■ EXERCISE INSTRUCTIONS
Without the pictures, print the lines from the one holding "Cecha: Ta skakanka" through the last line below, both included, exactly as they stand.

########################################

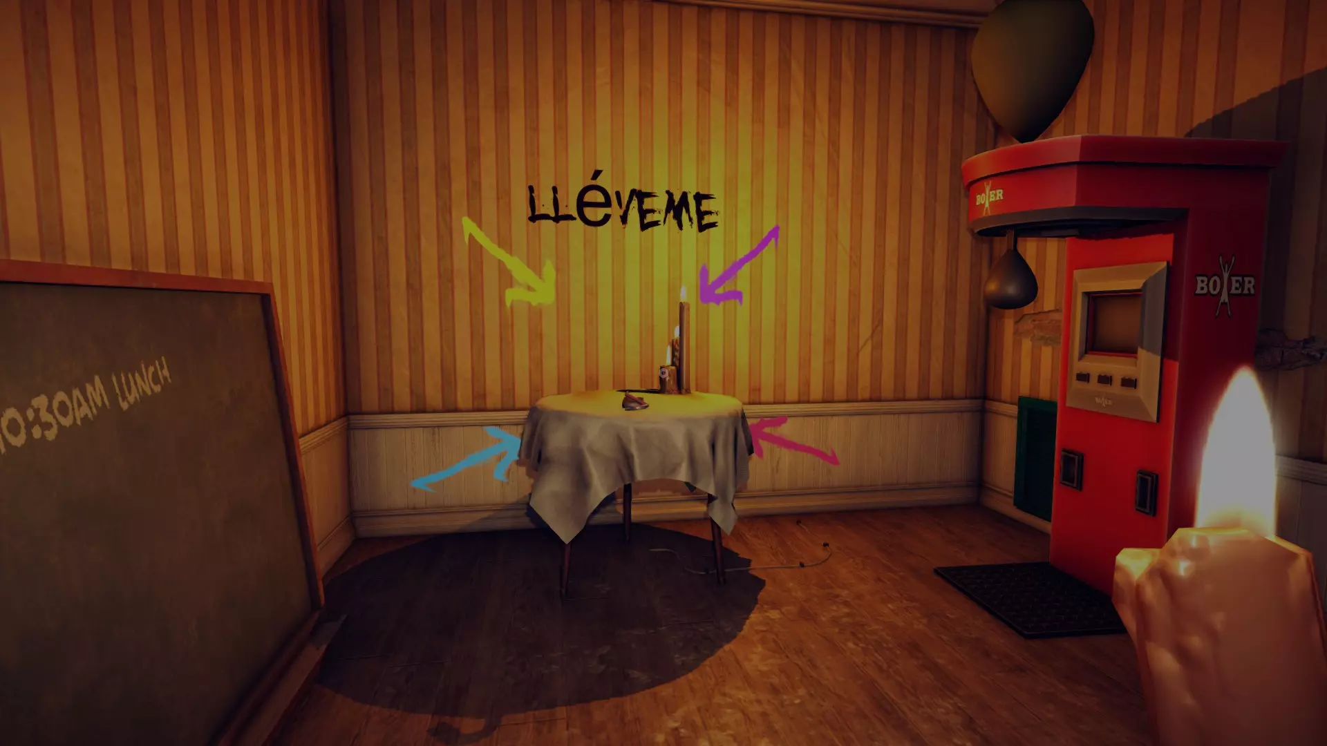 当你遇到西奥多(那个小丑)时,拿起把手并打开水来吓退怪物,然后前往怪物所在的房间,一直走到尽头并启动左边的拉杆。向右走,进入那个会打开衣柜并投射出小丑服装的房间,注意房间门后有一个立方体,拿起它并把它放在警察的脚下,这样他就不会再让地面沾满血迹,怪物也就无法回来了。之后回到走廊,关闭水把手,拿着点燃的蜡烛回到警察的房间,继续走向黑暗区域,你会找到安迪的避难所,在他的床旁边有一把钥匙,拿起钥匙,然后继续走向幻象。删除小丑
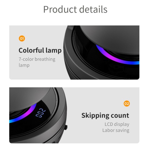 Cecha: Ta skakanka jest również wyposażona w duży wyświetlacz LED, dokładny inteligentny układ liczący do monitorowania postępów ćwiczeń, prędkość obrotową 70-160, 7 kolorowych lamp oddechowych, funkcję muzyki, możesz słuchać muzyki podczas ćwiczeń, uprzyjemniać sport . Dolna konstrukcja nośna, stabilna i nie odwrócona.
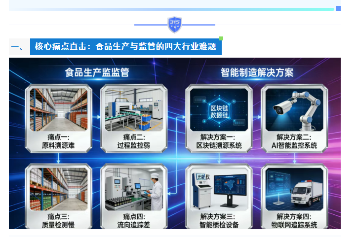 3全链路溯源困难从原料采购到成品流通,各环节数据割裂,问题食品出现后无法快速锁定源头,黑产业链难以被彻底斩断。
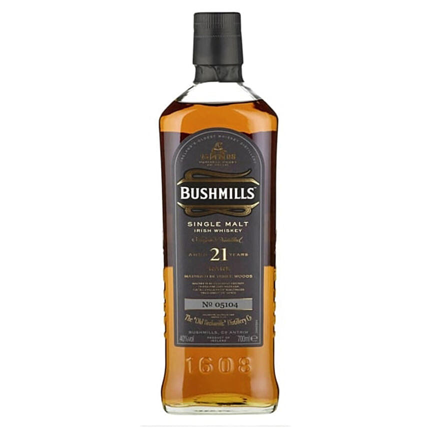 Bushmills Single Malt Whiskey 21 year old is aged for a minimum of 19 years in former Oloroso Sherry and Bourbon-seasoned casks, then transferred into Madeira casks for a further 2 years. The result is a whiskey awarded ‘Best Irish Single Malt 2013’. It has huge depth that interweaves dried fruit flavors with spicy, aromatic maltiness and subtle nutty raisin notes. 750ML / 40% ABV
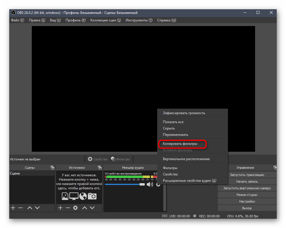 Если устройств записи подключено несколько, вызовите то же всплывающее меню с настройками и нажмите «Копировать фильтры». Затем выберите второй микрофон и щелкните на «Вставить фильтры». Это избавит вас от необходимости повторно настраивать каждый фильтр.
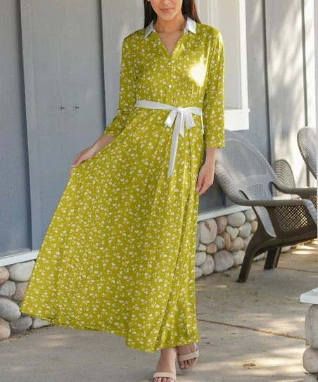 Boasting a bal collar, button-up front and tie-waist, this lightweight maxi dress keeps you comfortable and colorful whatever the weather.

########################################

■ EXPECTED ANSWER
 Cecha: Ta skakanka jest również wyposażona w duży wyświetlacz LED, dokładny inteligentny układ liczący do monitorowania postępów ćwiczeń, prędkość obrotową 70-160, 7 kolorowych lamp oddechowych, funkcję muzyki, możesz słuchać muzyki podczas ćwiczeń, uprzyjemniać sport . Dolna konstrukcja nośna, stabilna i nie odwrócona.
 3全链路溯源困难从原料采购到成品流通,各环节数据割裂,问题食品出现后无法快速锁定源头,黑产业链难以被彻底斩断。
 Bushmills Single Malt Whiskey 21 year old is aged for a minimum of 19 years in former Oloroso Sherry and Bourbon-seasoned casks, then transferred into Madeira casks for a further 2 years. The result is a whiskey awarded ‘Best Irish Single Malt 2013’. It has huge depth that interweaves dried fruit flavors with spicy, aromatic maltiness and subtle nutty raisin notes. 750ML / 40% ABV
 Если устройств записи подключено несколько, вызовите то же всплывающее меню с настройками и нажмите «Копировать фильтры». Затем выберите второй микрофон и щелкните на «Вставить фильтры». Это избавит вас от необходимости повторно настраивать каждый фильтр.
 Boasting a bal collar, button-up front and tie-waist, this lightweight maxi dress keeps you comfortable and colorful whatever the weather.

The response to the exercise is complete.